What I think is … Yes we can, some people say “RL is a problem but CBR is a solution to a problem so how can you compare them?” I shall answer: “When I mean RL I mean implicitly RL techniques such as TD-Learning and Q-Learning”. CBR solves the learning problem by depending on past experience while RL solves the learning problem depending on trial and error.

How are CBR and RL similar anyway?

  • In CBR we have the Case-Base, In Reinforcement Learning we have the state-action space. Each case consists of the problem and its solution. In RL the action is considered the solution to the current state too.
  • In CBR there could be a value for each case that measures the performance of this case; in RL each state-action pair has its value.
  • In RL rewards from the environment are the way of updating the state-action pairs’ values. In CBR there are no rewards but after applying each case a revision process is performed to the case after testing it to update its performance value.
  • In CBR retrieving the case is done in RL under the name of “the policy of choosing actions from the action space”
  • In CBR adaptation is performed after retrieving the action, in RL no adaptation is performed because the action-space contains ALL the possible solutions.

And there are more examples to say but those are enough.

So Are CBR and RL techniques the same thing?

Of course not, there are many differences between them. CBR solves the learning problem by depending on past experience while RL solves the learning problem depending on trial and error.

What is the significance of hybrid CBR/RL Techniques?

It’s as if we make the computer learn BOTH by trial and error and past experience. Of-course this often leads to better results. We can say that both complete each other.

How is CBR hybridized with RL and vice versa?

CBR needs RL techniques in the revising phase. Q-learning is used in this paper: “Transfer Learning in Real-Time Strategy Games Using Hybrid CBR/RL -2007″ , and another example is the master “A CBR/RL system for learning micromanagement in real-time strategy games – 2009″

RL needs CBR for function approximation; an example is the paper “CBR for State Value Function Approximation in Reinforcement Learning – 2005″

RL needs CBR for learning continuous action model (also approximation), an example is: “Learning Continuous Action Models in a Real-Time Strategy Environment – 2008″

Heuristically Accelerated RL – One of the Heuristics here is the case-base, an example is “Improving Reinforcement Learning by using Case Based Heuristics – 2009”

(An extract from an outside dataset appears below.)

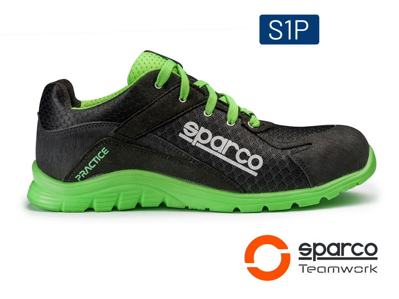 Scarpa Antinfortunistica S1P SRC della Linea PRACTICE, colore Nero-Verde. Ultraleggera stile Running in mesh 3D e microfibra antigraffio

Continuous Case Based Reasoning – 1993

Experiments with reinforcement learning in problems with continuous state and action-spaces – 1997

A new heuristic approach for dual control – 1997

So the questions here are …

  • When to use Reinforcement Learning and when to use Case-Based Reasoning?
  • Are there Cases where Applying one of them is completely refused from the technical point of view?
  • If we are dealing with infinite number of state-action pairs, what is the preferred solution? Could both techniques serve well separately?
  • How can we make the best use of Hybrid CBR/RL approach to tackle the problem?

I’ll do my best to answer them in future post(s) .However; I’d be delighted if an expert could answer now.